Степан мыл полы. Он драил старый паркет с таким усердием, словно хотел стереть с него саму память о прошлых жильцах. На окнах висели веселые ситцевые занавески в цветочек — подарок Али. На столе лежала скатерть. В углу, за ширмой, стояла маленькая раскладушка, которую Степан раздобыл для Ганса.


— Степа, ты дырку протрешь, — улыбнулся Владимир, входя в комнату.


Степан выпрямился, вытирая пот со лба. Он был в майке, мышцы бугрились под кожей.


— Чистота — залог здоровья, — буркнул он. — Гансу пылью дышать вредно. Ну что? Как там?


— Подписал. — Владимир показал папку. — Рогов уже отправил шифровку в Берлин. Ближайшим бортом военно-транспортной авиации. Обратным рейсом. Они вывозят оттуда семьи офицеров, и наших впихнули.


Степан сел на табуретку. Ноги его не держали.


— Когда?


— Ждем погоды. День-два.


Степан закрыл лицо руками.


— Господи… Неужели? Володя, я ведь не верил. Думал — обманут.

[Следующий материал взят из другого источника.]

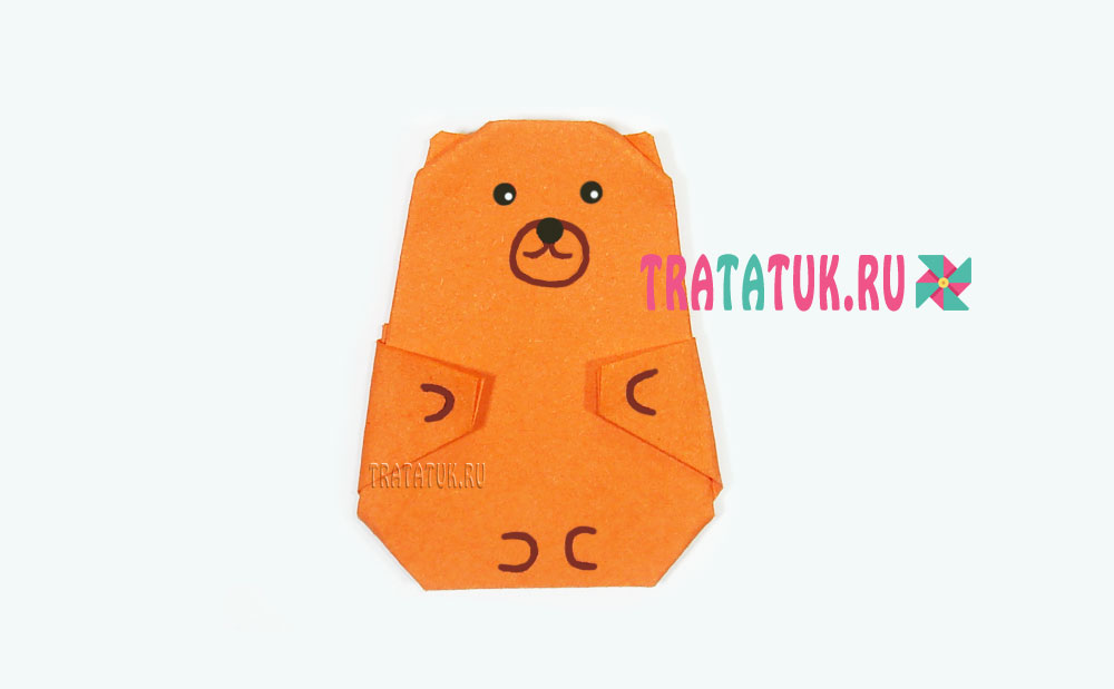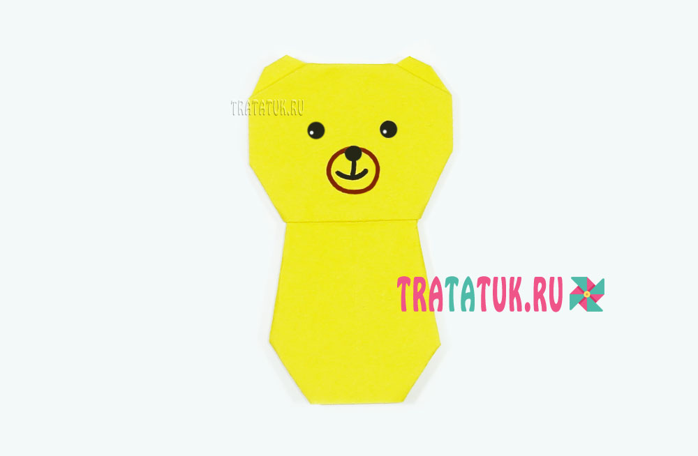Нарисуйте мордочку, туловище оригами медведя готово.
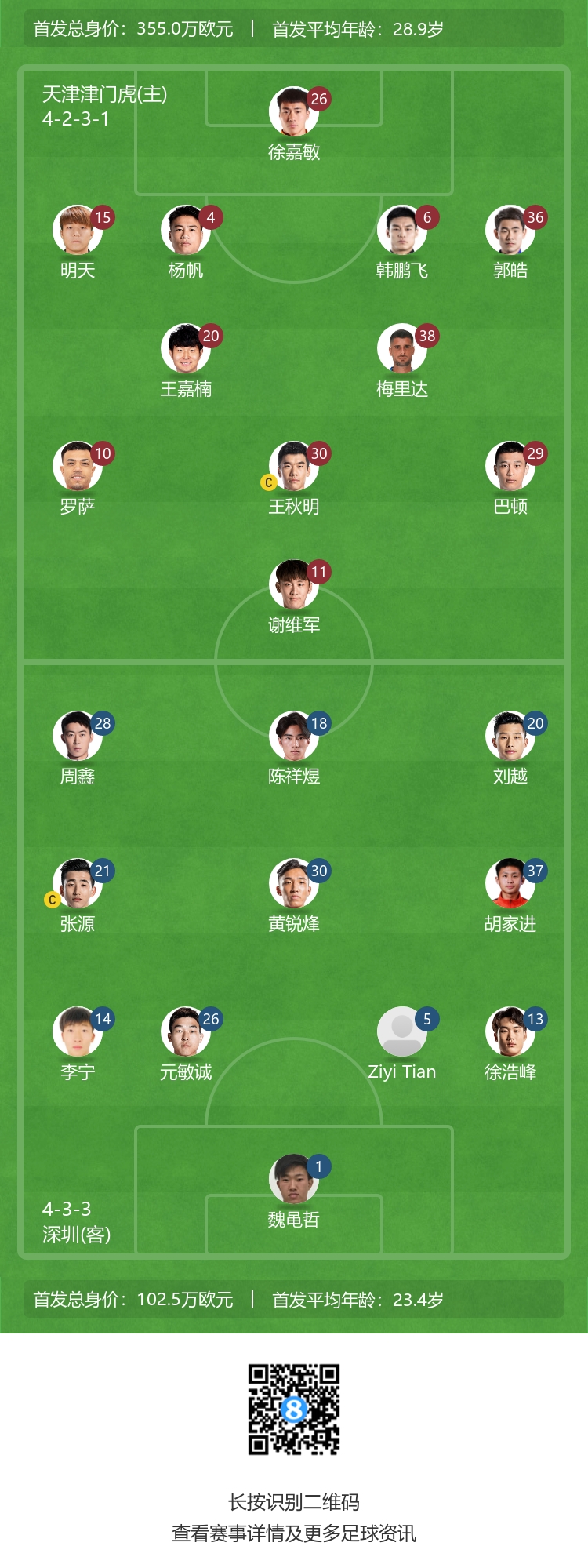 直播吧7月21日讯 北京时间19点35分,中超第18轮,天津津门虎主场迎战深圳队。赛前,双方公布首发名单。
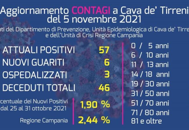 In aumento i positivi nella città di Cava de’ Tirreni. E’ quanto emerge dal bollettino di oggi, 5 novembre, dell’Unità Epidemiologica di Cava de’ Tirreni.
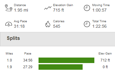 Once more I made quick time down the forested slope. I reached the car at 4:09pm. This hike ended up being 1.95 miles, 715 feet elevation gain, and 1:22:56 total time.
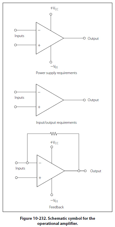 Figure 10-231 also illustrates with a block diagram how negative or degenerative feedback occurs. In this case, the feedback signal is out of phase with the input signal. This causes destructive interference and degenerates the input signal. The result is a lower amplitude output signal than would have occurred without the feedback. Operational Amplifiers An operational amplifier (OP AMP) is designed to be used with other circuit components and performs either computing functions or filtering. Operational amplifiers are usually high-gain amplifiers with the amount of gain governed by the amount of feedback. Operational amplifiers were originally developed for analog computers and used to perform mathematical functions. Today many devices use the operational amplifier for DC amplifiers, AC amplifiers, comparators, oscillators, and filter circuits. The widespread use is due to the fact that the OP AMP is a versatile device, small, and inexpensive. Built into the integrated chip, the operational amp is used as a basic building block of larger circuits. Figure 10-232 shows the schematic symbol for the operational amplifier. There are two inputs to the operational amplifier, inverting (-) and non-inverting (+), and there is one output. The polarity of a signal applied to the inverting input (-) will be reversed at the output. A signal applied to the non-inverting (+) input will retain its polarity on the output. To be classified as an operational amplifier, the circuit must have certain characteristics:
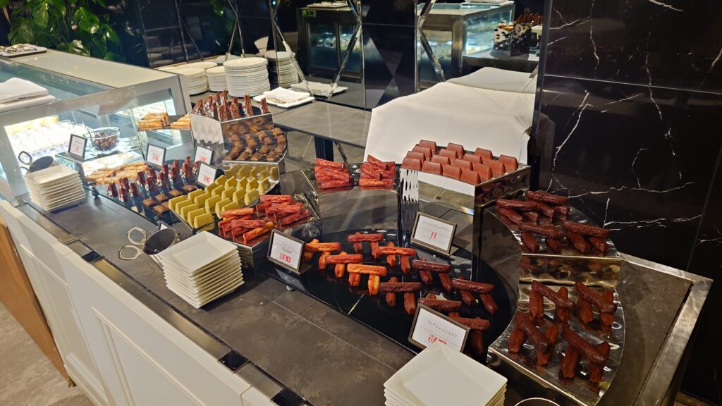 会場に一歩足を踏み入れると、そこにはキラキラと輝くシャンデリアと、ずらりと並んだ豪華な料理の数々。 ローストビーフの切り分けサービスや、色鮮やかな前菜、魚介、様々なデザートなどなど……。「どれから食べよう?」と迷うのも、ビュッフェならではの醍醐味ですね。
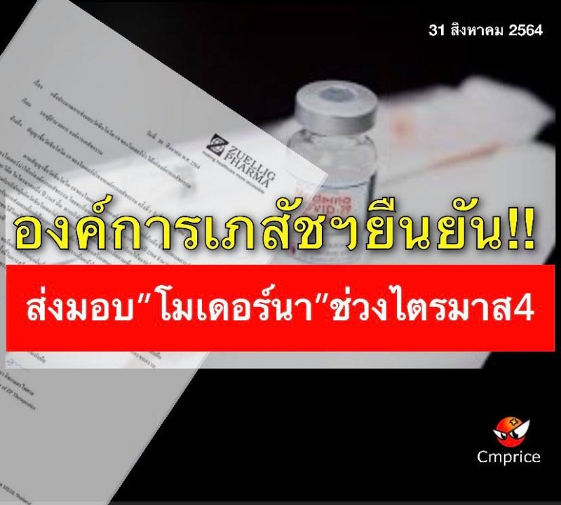 จากการติดตามความคืบหน้าอย่างต่อเนื่องขององค์การเภสัชกรรม ร่วมกับ บริษัท ซิลลิค ฟาร์มา จํากัด ซึ่งเป็นตัวแทนจำหน่ายวัคซีนโมเดอร์นา ล่าสุด บริษัทซิลลิคฯ ได้มีหนังสือมายังองค์การเภสัชกรรม เมื่อวันที่ 30 สิงหาคม 2564 ว่า วัคซีนโมเดอร์นา จะเริ่มทยอยส่งมอบในไตรมาสที่ 4 ของปี 2564 (ตุลาคม-ธันวาคม) จำนวน 1,958,400 โดส และในไตรมาสที่ 1 ปี 2565 (มกราคม-มีนาคม) อีกจำนวน 3,110,400 โดส โดยที่ผ่านมาบริษัท ซิลลิคฯ ได้มีการติดต่อประสานงานกับบริษัทผู้ผลิตวัคซีนโมเดอร์นามาโดยตลอด และพยายามอย่างยิ่งยวดในการติดตามเพื่อจะให้ได้วัคซีนโมเดอร์นาล็อตแรกสำหรับการส่งมอบตั้งแต่เดือนตุลาคมนี้เป็นต้นไป เพื่อมาเสริมแผนการฉีดวัคซีนของภาครัฐและสนับสนุนการฉีดวัคซีนให้แก่ประชาชนให้ได้โดยเร็วที่สุด อย่างไรก็ตามบริษัทแจ้งว่า หากมีความคืบหน้าในการส่งมอบวัคซีนล็อตแรกเพิ่มเติม ทางบริษัทจะได้รีบแจ้งให้ทราบโดยทันที
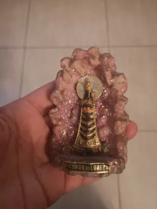 Delizioso soprammobile religioso, un ricordo di Loreto. - Base con scritta Ricordo di Loreto. - Figura centrale con aureola. - Decorazione con glitter rosa e argento. Bellissimo soprammobile religioso Madonna nera di Loreto In pietra Con sfumature rosa e lilla Con moltissimi brillantini Bellissima e di effetto
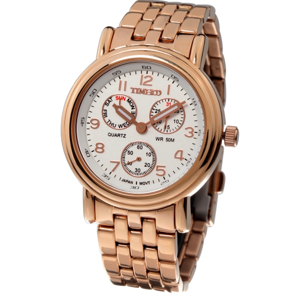 TIME100时光一百 简约复古罗马刻度日历钢带情侣男表W80069G
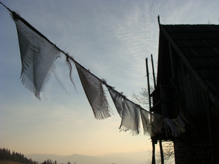Buddyjskie chorągiewki modlitewne przed Chatką pod Niemcową.Wypada jeszcze wspomnieć o schronisku na Przehybie, choć przystępuję do tego z pewną trudnością… Nie nocowaliśmy tam, póki co. Przechodziliśmy kilkukrotnie natomiast, i nie możemy oprzeć się wrażeniu, że za każdym razem spotyka nas tam coś dziwnego. A to w środku dnia ludzie wyganiani są z jadalni, bo „będzie sprzątane”, a to pan w okienku (brzmi jakby dotyczyło pracownika urzędu, ale zapewniam, że trochę tak to wygląda, prócz tego, że na Przehybie schylać trzeba się okrutnie, a w większości urzędów już nie…) jest – znów – wyjątkowo niemiły. Pomidorówka z zarastającym widokiem na Tatry i Pieniny była całkiem, całkiem, ale to niestety za mało, by zostawić dobre wspomnienie. Hmm, a może to ten maszt jakieś złe fale tam powoduje?…
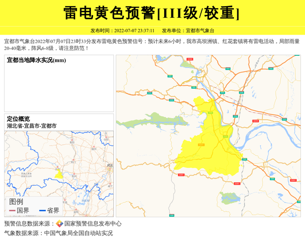宜都市气象台2022年07月07日23时33分发布雷电黄色预警信号:预计未来6小时,我市高坝洲镇、红花套镇将有雷电活动,局部雨量20-40毫米,阵风6-8级,请注意防范! 信息来源:国家预警信息发布中心; 发布单位:宜都市气象台。

— Система любит победы, Степа. Мы дали ей победу, она дала нам кость. Всё честно. Собирайся. Нам надо в магазин.


— Зачем? Продукты я купил. Тушенка есть, сгущенка…


— Не за продуктами. За платьем.


Степан поднял голову.


— За каким платьем?


— За синим. Как газ в горелке. Ты обещал. Не в кино, Степа. В жизни. Сценарий должен стать реальностью, иначе грош нам цена как творцам.


Поход в ГУМ стал отдельным приключением. Главный универмаг страны поражал величием и пустотой прилавков. Роскошь здесь соседствовала с дефицитом. Но Владимир, используя свои связи и обаяние (а также немного денег из гонорара за сценарий), нашел нужную секцию.


«Трофейные товары».


Здесь пахло французскими духами и дорогой кожей. Продавщица, надменная дама с ниткой жемчуга, смерила Степана в его простой куртке презрительным взглядом.


— Вам чего, гражданин? Кирзовые сапоги в другом отделе.


— Мне платье, — хрипло сказал Степан. — Женское. Размер… — он показал руками в воздухе силуэт Хильды. — Тонкая она. Как тростинка.


— Размер 44, — перевел Владимир. — И нам нужно синее. Шелк. Самое лучшее, что у вас есть.


Продавщица хмыкнула, но полезла под прилавок. Видимо, уверенность в голосе Леманского подействовала.


Она выложила на прилавок чудо.


Это было платье цвета парижской ночи. Глубокий, насыщенный ультрамарин. Натуральный шелк, который тек в руках как вода.


Степан коснулся ткани своими грубыми, мозолистыми пальцами. Он боялся сделать зацепку.


— Оно… — выдохнул он. — Точно оно. Сколько?


Продавщица назвала цену. Сумма была астрономической. Это была зарплата инженера за три месяца.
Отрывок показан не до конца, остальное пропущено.